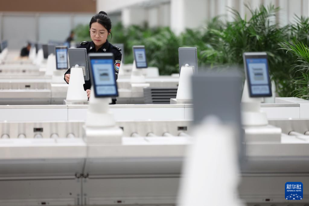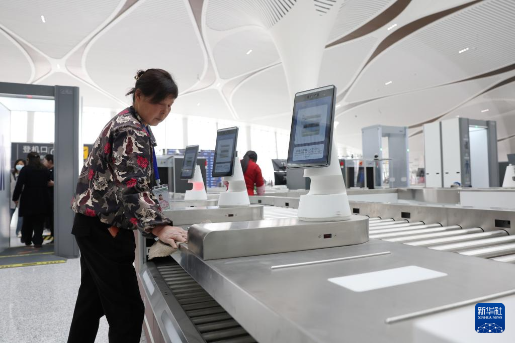 3月11日,兰州中川国际机场安检员姚宝珍在T3航站楼安检区域检查设备运行情况。新华社记者 陈斌 摄
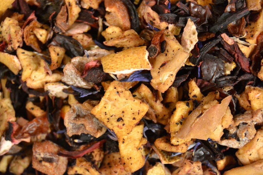 Infuso a base di Karkadè e rosa canina con pezzetti di frutta disidratata (frutti di sambuco, mela pera, albicocca), fiordaliso, scorze di agrumi, fiori, spezie e aromi. Completamente privo di caffeina, con effetti diuretici e digestivi, dissetante in estate e corroboranti in inverno.
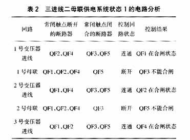 在状态1,即QF1,QF2和QF4合闸而 QF3和QF5分闸时,其电路分析见表2。经过表2分析可知,在状态1时,QF3和QF5不能合闸,此时由1~3号变压器供电。

.....

Give an exact copy of the data, and omit any pictures it holds.

 3月11日,兰州中川国际机场安检员姚宝珍在T3航站楼安检区域检查设备运行情况。新华社记者 陈斌 摄
 Infuso a base di Karkadè e rosa canina con pezzetti di frutta disidratata (frutti di sambuco, mela pera, albicocca), fiordaliso, scorze di agrumi, fiori, spezie e aromi. Completamente privo di caffeina, con effetti diuretici e digestivi, dissetante in estate e corroboranti in inverno.
 在状态1,即QF1,QF2和QF4合闸而 QF3和QF5分闸时,其电路分析见表2。经过表2分析可知,在状态1时,QF3和QF5不能合闸,此时由1~3号变压器供电。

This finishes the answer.